I've seen a lot of installations online and they often involve building a soffit box to get a level surface. I've also seen a few pictures where the chimney seems to go flush with the cathedral ceiling, then has a frame/trim piece above it, which I like the look of. 
I know I need a level surface to attach the mounting piece to, but can this be above the ceiling level? I have access to the area above, which is several feet of crawl/attic space under the sloping roof. Can I just put some extra 2x4 support, attach the mounting plate to that, and run the chimney a little through the ceiling? I didn't think the chimney would get hot enough to cause any problems.
Any one have experience with this type of install? I just realized I probably need to have extra chimney then what comes with most hoods. I _think_ I can handle this installation, as it doesn't seem overly technical. Roof is a gentle slope in that area, and I'll use plenty of caulk, since a leaking ceiling would be very unfortunate (wife already raised that issue!).
Thanks for the help!


----------



## Nealtw (Jun 22, 2017)

can you post a picture or link to the one you have in mind


----------



## bcemail (Sep 18, 2010)

Nealtw said:


> can you post a picture or link to the one you have in mind


Sort of like this one, with just a small frame.

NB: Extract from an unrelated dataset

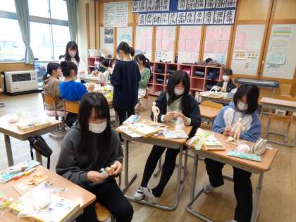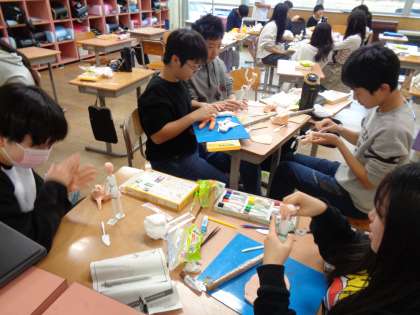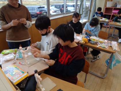 図画工作の学習で「未来のわたし」を作っています。未来の自分を想像して、紙粘土で表現していくものです。芯となる部分を紙粘土で覆いながら形作っていきます。

Also realized that extension chimneys will add more cost than I thought, which might make a soffit box more appealing...


----------



## Nealtw (Jun 22, 2017)

A simple box is easy enough unless you want to build it to match the angle of the island too. Do you have trusses above? I don't think it is classed as a chimney but needs to sealed to the ceiling like one.


----------



## huesmann (Aug 18, 2011)

What's your plan for venting once you have the duct up above the ceiling? Through the roof?

I would think a box would be the easy button; easy to attach to the ceiling via joist or truss, and you could make it match your cabinetry.


----------



## ckLoveland (10 mo ago)

bcemail said:


> Sort of like this one, with just a small frame.
> 
> Also realized that extension chimneys will add more cost than I thought, which might make a soffit box more appealing...


Like this solution! Did you move the mounting bracket for the chimney and hood up into the attic? And then slide the chimney up through the ceiling? I have a similar situation and trying to come up with a solution. Thanks in advance for your reply.


----------